This code implements optimal parallel loops for BKMA-like algorithm. Two use case implementations are available in the code, a 1D semi-lagrangian advection operator and a 1D Convolution operator.
Implement a 1D convolution operator in-place using BKMA strategies.
Implements a 1D advection operator inside a multidimensionnal space. It implements a semi-Lagrangian scheme using the SYCL 2020 progamming models.

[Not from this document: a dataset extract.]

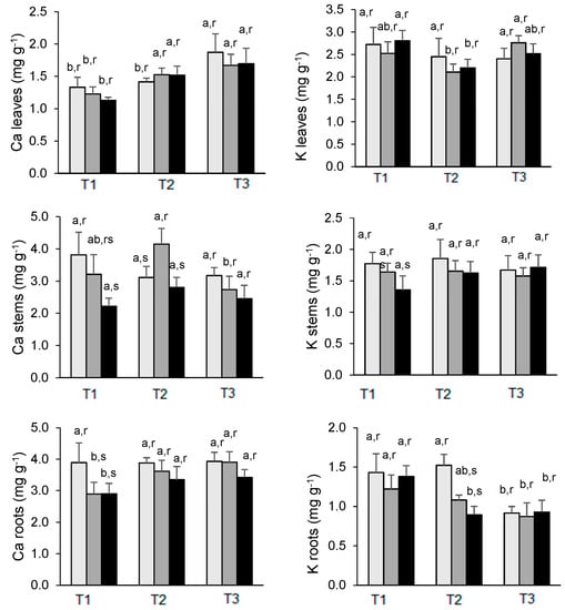 Changes in Ca (left) and K (right) concentration in the leaves, stems, and roots of E. nitens along the experiment. Mean values are expressed as mg g−1 ± standard deviation. For each element, different letters indicate significant differences at the 0.05 significance level over time (a, b) or between As treatments within each date (r, s). T1 = March; T2 = May; T3 = July: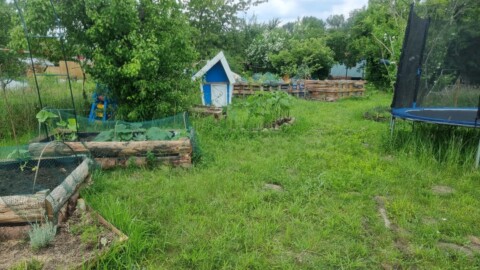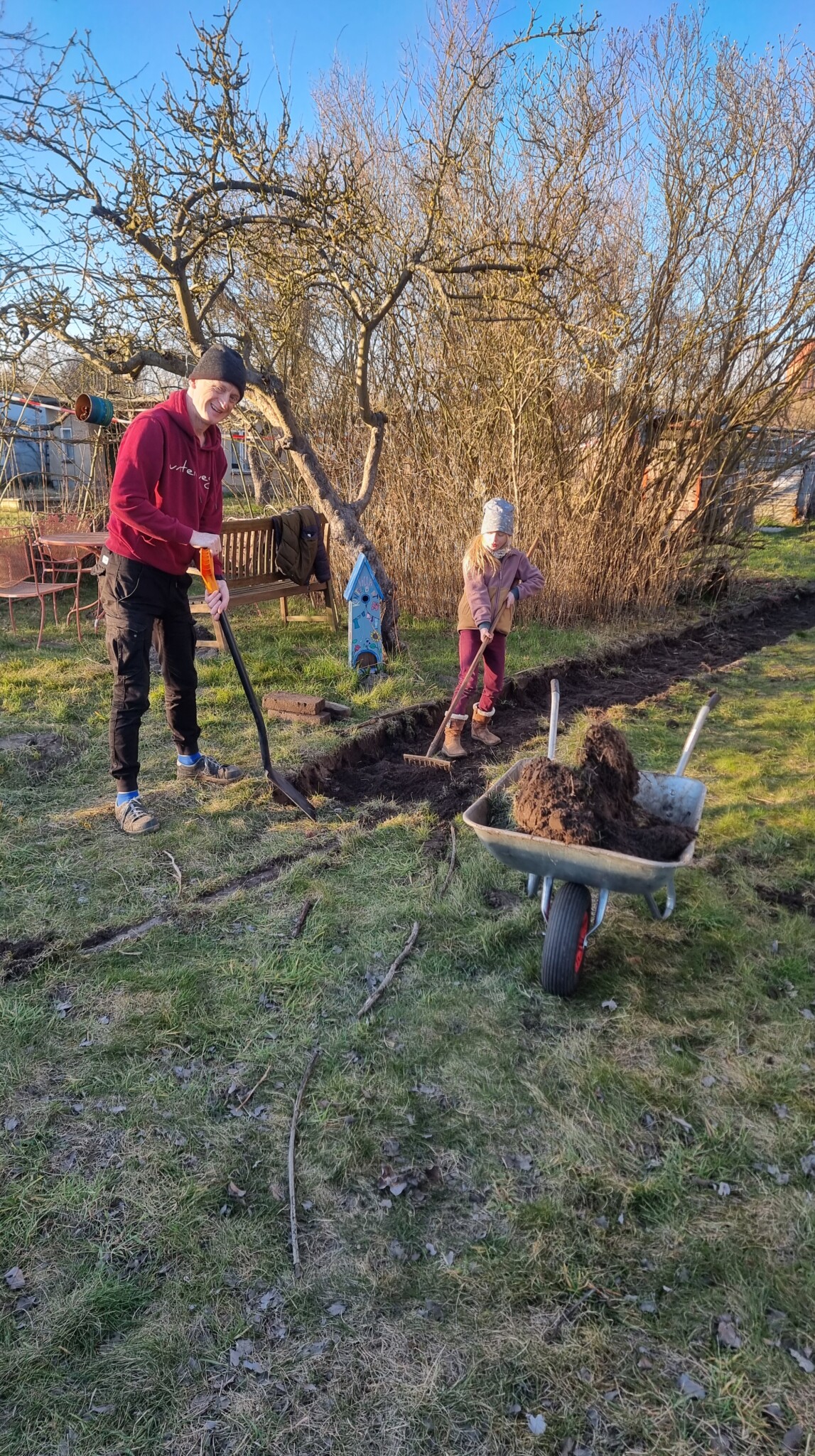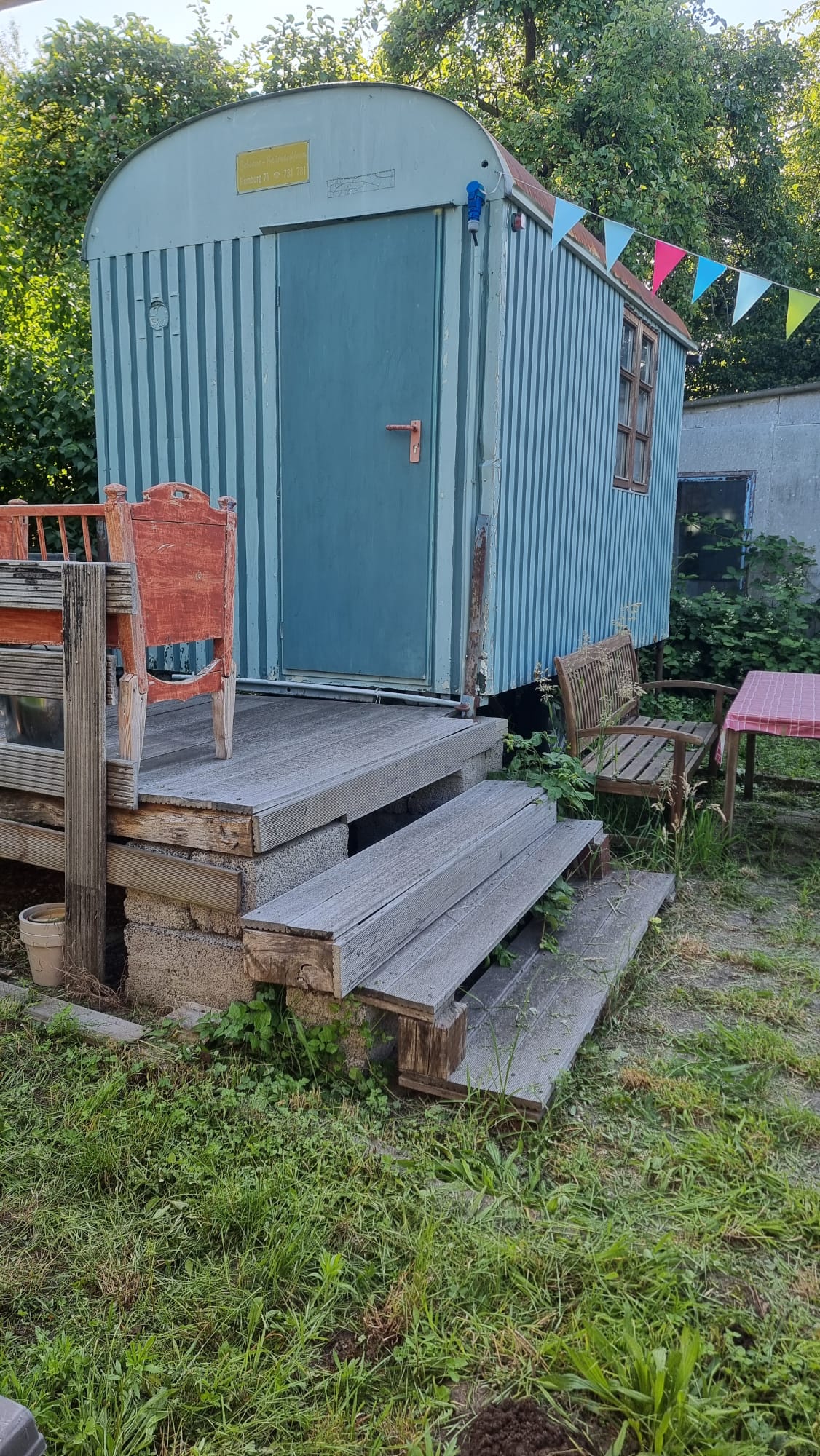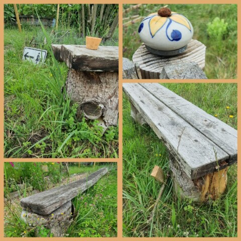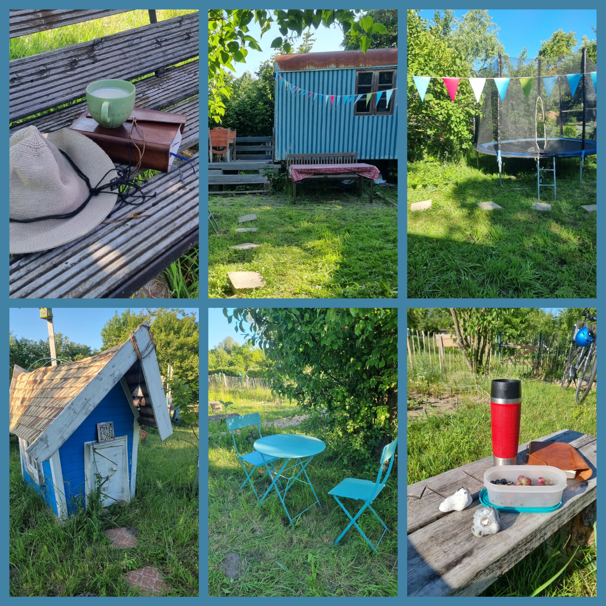 Statt eines Pavillons haben wir Ende Februar ein Weiden-Pavillon angelegt über einer Sitzgruppe mit 6-8 Sitzplätzen. Es hat gut ausgetrieben und bald wird es uns Schatten spenden beim Essen. Eine alte robuste DDR-Hollywoodschaukel steht unter dem Birnbaum. Das ist der Lieblingsplatz: Wenn Carlotta von der Schule kommt, wird erst einmal dort geschaukelt und angekommen und auch sonst treffen wir uns alle immer wieder dort. Ein paar “Holzbänke“ wurden uns geschenkt, mit der wir nun schon öfters mit bis zu 20 Leuten saßen. Und hinter den Sträuchern steht unser selbst ausgebauter Bauwagen, ein altes Viehtransporthäuschen für Werkzeuge und Klo und ein Trampolin – das darf nicht fehlen 😉

To reproduce the benchmark, follow the benchmark README.md instructions.
The algorithm is implemented in various ways using different SYCL constructs. It requires local memory allocation via the local accessor. The implementations are in the src/core
directory.
- BasicRange (out of place), no hierarchical parallelism involved
- NDRange (in-place), work-groups and work-items, direct mapping of the problem dimensions
- AdaptiveWg (in-place or out-of-place), optimized work-group sizes, streaming, optimal local memory usage
You can use the compile.sh
script to compile for various hardware and sycl-implementations. For multi-device compilation flows, build the project manually.
Use the ./compile.sh --help
to see the options.
Example usage:
#generate the advection executable and advection.ini file
./compile.sh --hw cpu --sycl dpcpp
#create build_dpcpp_a100 folder with benchmarks
./compile.sh --hw a100 --sycl dpcpp --benchmark_DIR=/path/to/google/benchmark/build
#create build_acpp_mi300 folder with tests and execute tests
./compile.sh --hw mi300 --sycl acpp --build-tests --run-tests
Flags varies on the SYCL implementation you are using.
- For DPC++, add the correct flags via the
-DDPCPP_FSYCL_TARGETS
cmake variable. - For acpp, export the
ACPP_TARGETS
environment variable before compiling
- Set the runtime parameters in
build/src/<conv1d|advection>.ini
- Run the executable
build/src/advection/<conv1d|advection>
The advection operator in this code is largely inspired by the vlp4D code.